Я прожил в Петербурге практически всю зиму, пока работала экспозиция. Это первая зима за много лет, проведенная не в Тюмени. Странное ощущение, когда за окном на протяжении нескольких месяцев — Санкт-Петербург — прекрасный город, но нам, сибирякам, без снега непривычный.

. Впрочем, сибирскую зиму художник Павлов в Петербург привез с собой на картинах. А еще — весну, лето, осень; леса, поля, ручьи, деревеньки, любимые городские пейзажи; восходы, закаты, дожди, туманы. Полотна заняли пять залов Мраморного дворца Русского музея. Всего для экспозиции было отобрано 168 работ.

Галя Безбородова

— Александр Николаевич, кто был куратором экспозиции?

— Заведующий отделом фонда живописи второй половины XIX века-начала XXI века, доктор искусствоведения Владимир Алексеевич Леняшин. Он уже знал мои работы по двум моим первым выставкам в Санкт-Петербурге. Русский музей отслеживал мое дальнейшее творчество, а оно было активным — выставки: отечественные, зарубежные.
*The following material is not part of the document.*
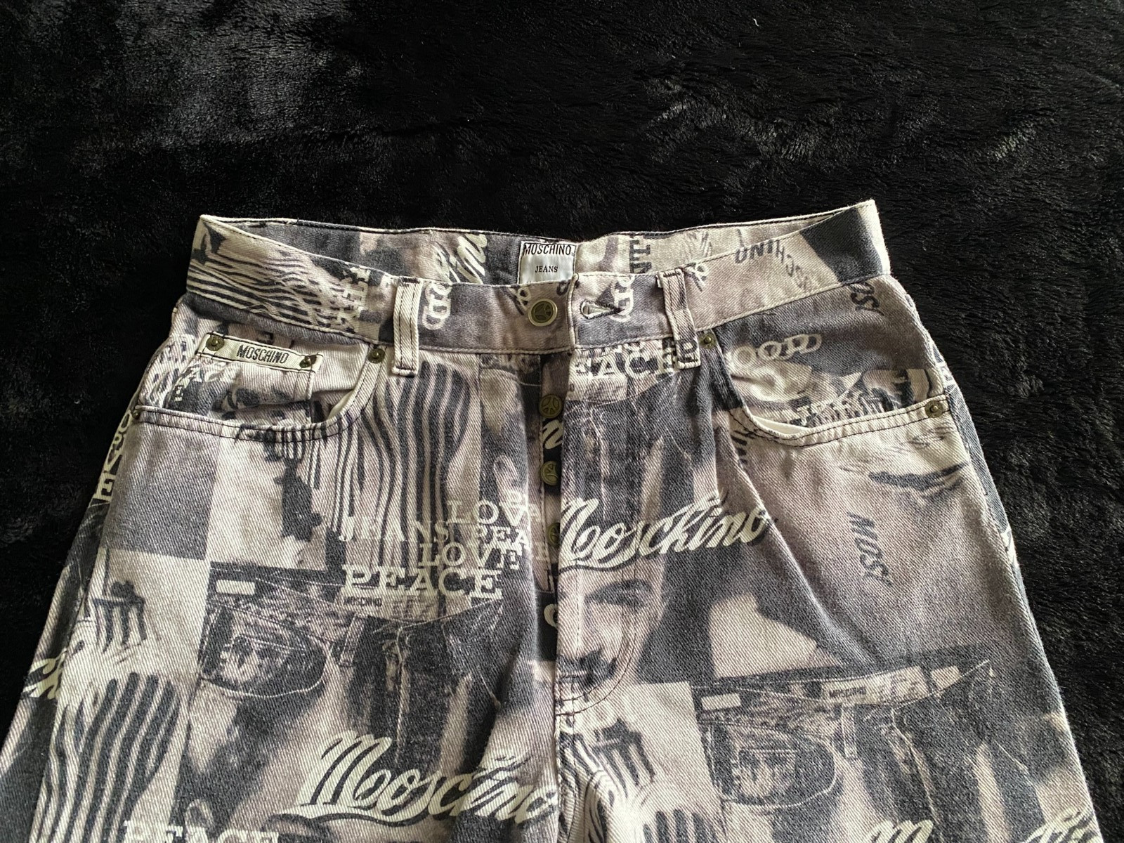 Vintage, Moschino men's jeans, b w retail pattern, marked size 32

Да и картины, приобретенные Русским музеем в свою коллекцию, оказались востребованными. Они экспонировались на престижных выставках Русского музея в России и за рубежом.

— Работа Русского музея отличается от того, к чему мы привыкли в Тюмени?
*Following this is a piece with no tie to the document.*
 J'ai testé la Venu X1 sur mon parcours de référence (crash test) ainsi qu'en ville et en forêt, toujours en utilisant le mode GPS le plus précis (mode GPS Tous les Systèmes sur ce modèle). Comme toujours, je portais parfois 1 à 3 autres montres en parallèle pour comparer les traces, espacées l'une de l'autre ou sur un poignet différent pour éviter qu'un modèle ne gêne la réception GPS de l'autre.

— Изначально для выставки было отобрано значительно больше произведений, чем можно разместить в залах. Мною за 10 лет после первой выставки в Русском музее было написано много новых интересных картин, которые, конечно, хотелось показать. Надо было сделать окончательный выбор, это трудно сделать самому, потому что каждая работа родная. Когда все картины распаковали и расставили, было принято решение выделить для выставки еще пятый Красный зал. И работа пошла, как в хорошем симфоническом оркестре: когда получается совместное звучание, но при этом каждый инструмент ведет собственное соло.
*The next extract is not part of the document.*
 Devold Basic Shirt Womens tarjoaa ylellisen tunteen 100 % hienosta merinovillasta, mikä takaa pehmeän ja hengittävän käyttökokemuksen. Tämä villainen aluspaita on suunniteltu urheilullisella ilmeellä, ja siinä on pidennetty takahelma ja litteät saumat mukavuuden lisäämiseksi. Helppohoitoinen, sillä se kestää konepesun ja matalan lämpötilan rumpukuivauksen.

Что интересно: организаторы предложили показать как бы интимную сторону живописи — с чего начинается художник. То, чего обычно не показывают. Речь об этюдах, для которых был выделен специальный камерный зал. Какие-то из этюдов были написаны в конце 60-х годов, какие-то в 80-х и — вплоть до сегодняшнего времени. Этюд — это ведь первый контакт художника с миром. А я всегда очень просто к ним относился: я их люблю и поэтому пишу, и не придавал особого значения их ценности. В Русском музее отметили, что каждый из моих этюдов — маленькое законченное произведение, миниатюра, которую публике надо обязательно показывать.

Галя Безбородова

— То есть, разногласий не возникло?

— Ни малейших. Когда мне предложили еще что-то выбрать из работ, не вошедших в экспозицию, я уже ничего не смог предложить. Остались хорошие работы, но они не вписывались в видеоряд экспозиции. Так что, увидеть их можно было только в альбоме-каталоге картин, который к выставке выпустил Русский музей. В него вошли 153 иллюстрации с моих картин.

— Альбом внушительный.

— Поскольку я не в первый раз показываю свои картины в Санкт-Петербурге, у меня там уже есть своя аудитория, зрители. Они приглашали меня, ждали новой выставки в Русском музее. Связь с Питером, духовная связь не прекращалась. Шло время. У меня активно проходила творческая жизнь. И вот я вновь два года назад получаю приглашение на проведение выставки в Русском музее. Для художника выставляться в одном из крупнейших музеев мира — это, конечно, честь и ответственность. Это большой проект! Отобрать работы. Одеть картины в рамы, чтобы они соответствовали, вписались в исторические залы Дворца. Большая подготовка шла по изданию альбома-каталога.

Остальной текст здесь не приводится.